> **About this exercise**:
Leaving out all pictures, write out word for word the lines from the one containing "SUPOORTE AFASTADOR P/ ISOLADOR PILAR" to the end of the data below.

Stored dataset items
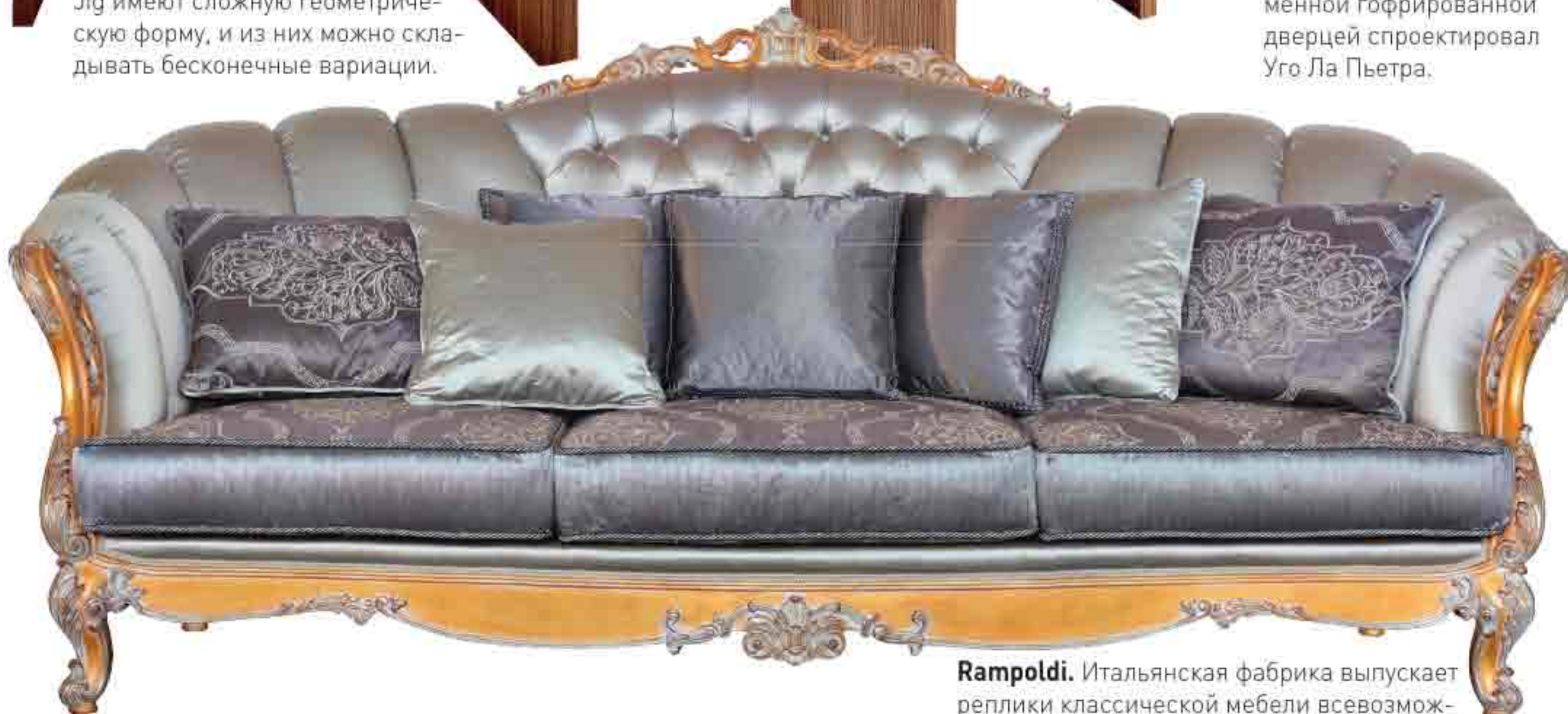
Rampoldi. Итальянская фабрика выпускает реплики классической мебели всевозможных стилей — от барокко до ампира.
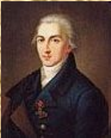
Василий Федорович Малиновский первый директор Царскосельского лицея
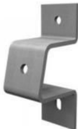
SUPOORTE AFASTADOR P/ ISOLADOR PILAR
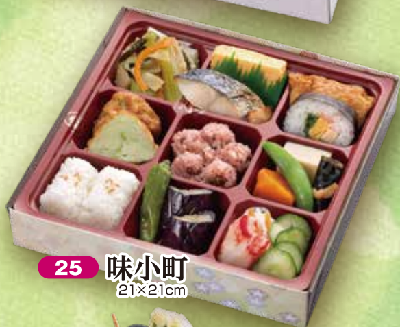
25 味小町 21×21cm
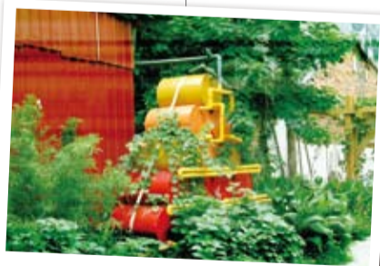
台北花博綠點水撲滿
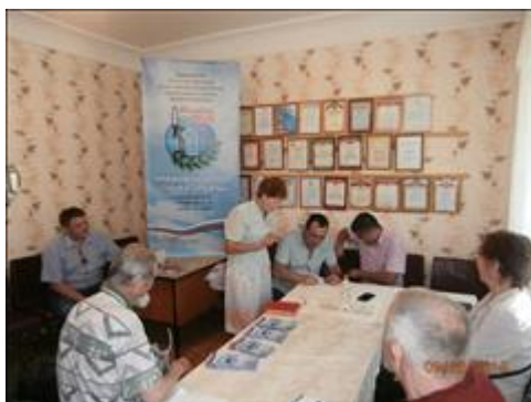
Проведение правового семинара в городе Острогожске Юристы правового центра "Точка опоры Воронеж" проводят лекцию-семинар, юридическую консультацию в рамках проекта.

> **Reply**:
SUPOORTE AFASTADOR P/ ISOLADOR PILAR
25 味小町 21×21cm
台北花博綠點水撲滿
Проведение правового семинара в городе Острогожске Юристы правового центра "Точка опоры Воронеж" проводят лекцию-семинар, юридическую консультацию в рамках проекта.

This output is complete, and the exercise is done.